5. Get social support. The support of other people can provide a cushion when you fall – and make it easier to get back up and keep going. Seek out positive, supportive people and develop good relationships with them. Try to avoid spending time with negative people, or those with bad habits like alcohol or drug abuse. Also try to get some type of structured support, for example:

  • Get an individual therapist (I gave some ideas for low-cost counseling in my last post), and/or participate in a therapy group.
  • Join a support group (such as those through NAMI or DBSA), attend an appropriate 12-step program, or participate in an online support group or forum.
  • Improve your relationships with significant others through couples or family counseling, communication skills classes, or assertiveness training.

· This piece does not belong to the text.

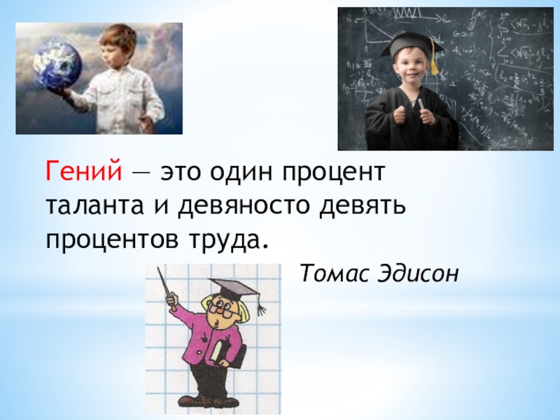 Слайд 3Гений — это один процент таланта и девяносто девять процентов труда.

6. Tell a new story. Ultimately, you are free to view what happens in your life how you choose. You have the power to see the events and circumstances of your life through a different lens – and retell your story with a positive, empowering spin. You can decide to look at yourself as a strong survivor instead of a weak victim. To construct a story of resilience, you can start by asking yourself these questions:

  • As a result of adversities you’ve experienced, what strengths have you developed?
  • What do you understand better about yourself, other people, or the world?
  • What positive meaning is there in what’s happened in your life?

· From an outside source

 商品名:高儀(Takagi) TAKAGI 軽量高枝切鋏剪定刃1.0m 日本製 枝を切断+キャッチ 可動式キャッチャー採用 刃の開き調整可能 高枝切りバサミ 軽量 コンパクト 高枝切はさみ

7. Give a gift to others. Helping others who have gone through similar things can help you move on. It gets you out of your own mind, empowers you, and creates meaning and purpose. There are lots of ways to help. You can tell your story of resilience to others and give them hope. You can write, educate, mentor, counsel, or perform. You can volunteer at an organization like IBPF, NAMI, or DBSA.

8. Be spiritual. Spirituality is good for physical and mental health. It can be a source of hope, optimism, and strength. If you’re firm in your spiritual beliefs and worldview, you can more easily rebound from stress. Spirituality helps you focus on something greater than yourself – and not as much on your own concerns. Spirituality means different things to different people, but it has to do with how you find meaning, purpose, and depth in life. It may involve prayer, meditation, service, ritual, music, nature, or other things.

I hope these tips help you become more resilient in your battle with bipolar disorder and other adversities. Building resilience takes ongoing practice. Make small changes, little by little – the most important thing is to hang in there and never give up.